Friday, June 3, 2022

Book Review: Remember Whose Little Girl You Are

Happy Friday! We officially only have two days of school next week and then all four kids are off for summer break! Well, kind of. The younger two are signed up for summer school, it runs about a month and is half days, mostly doing fun stuff. The older two are signed up for marching band, but that's just a week basically to get ready for the parade. My oldest is going to work her two jobs, and my favorite boy is doing the Upward Bound program at UWS for six weeks and living on campus. I know he's nervous and not super thrilled, but I think it'll be good once he's there. Plus, they get to go to Seattle and I am ridiculously jealous because that is a bucket list trip for me! 

Remember Whose Little Girl You Are

 Ellen Nichols

Remember Whose Little Girl You Are captures the flavor of the Deep South like no author since Eudora Welty or Flannery O'Connor.
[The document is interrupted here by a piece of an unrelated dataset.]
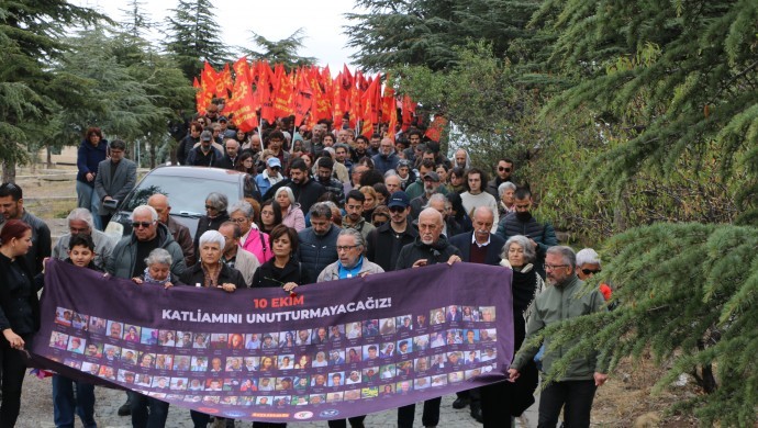 Saldırıda hayatını kaybedenlerin fotoğraflarının yer aldığı “10 Ekim Katliamını Unutturmayacağız” pankartının taşındığı anmada, “10 Ekim’i unutma, unutturma”, “Savaşa hayır, barış hemen şimdi” ve “Katil devlet hesap verecek” sloganları atıldı.

Ellen Nichols captures the tenor of small-town Southern life in the fifties and sixties, with its vicissitudes and hilarity. One is captured with her openness and drawn deeply into the dialogue-so much as to, according to one reader, sometimes feel guilty of spying. 

Read it and see if you want those times back-or are just relieved they're gone. 
Are you super behind in your Goodreads good? Grab this one, it's only 116 pages and you will absolutely fly through it. It's a memoir too, so I really loved this one, it was fun and sweet in all the right places. Everything you think of when you think about Alabama during the Civil Rights era is absolutely in this book, and I loved it. 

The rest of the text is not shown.